Nor is he unique in his awareness that he has a problem and needs help. I keep a list of local drug programs in my office because I get periodic calls from people I have studied asking for help. The programs are so oversubscribed that the waiting period is usually about six weeks. By that time, it is too late. The urge to reform has been forgotten and an opportunity lost. Lots of crack users want help in between their binges. Treatment on demand could make a difference.
Indeed, the strong weight of opinion among drug experts, including many police officials, is that more resources are desperately needed for prevention and treatment. Yet national priorities have consistently favored law enforcement and incarceration. The drug policy priorities of the Clinton administration remain unclear at this stage. On the one hand, the first budget dealing specifically with drugs largely continues the past emphasis on enforcement. Little has been said about expanding resources for prevention. On the other hand, the possibility that drug treatment might be included in universal health care coverage offers the possibility of a shift toward providing treatment on demand.

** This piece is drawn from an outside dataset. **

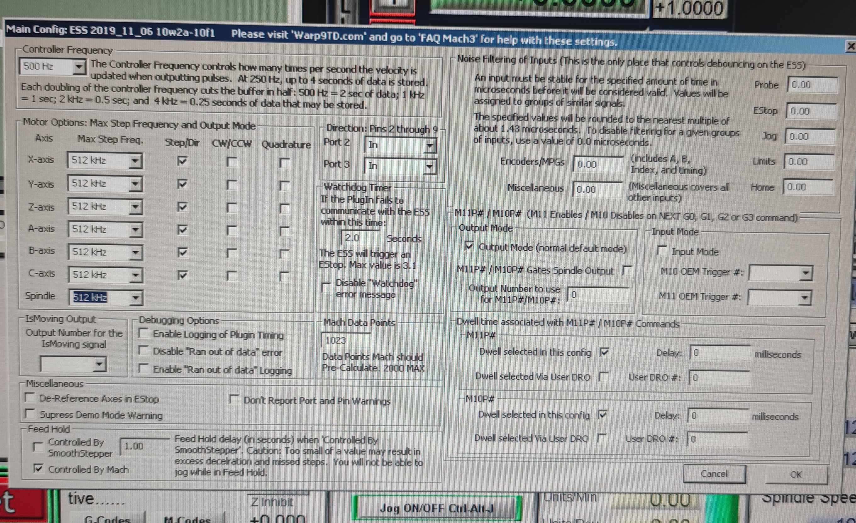 MACH3+ESS-106 не могу запустить шпиндель, покажите куда копать. Частотник acd200 0.75 до апгрейда уже был настроен на этот шпиндель, запускался с М3, рег. обороты с частотника.

More voices like the composite speaker's need to be heard, but they also need to be presented with more attention to the limits of data and the way each new piece of knowledge fits together with what is already known. National drug policy has been based on hysterical reactions to worst-case scenarios since the 1930s when Harry Anslinger, the first commissioner of the Federal Bureau of Narcotics, and other moral entrepreneurs, such as the makers of the film "Reefer Madness," influenced policy through scare tactics. This ethnodrama is not a deliberately contrived distortion like "Reefer Madness," but its sensationalism risks concealing its more important messages.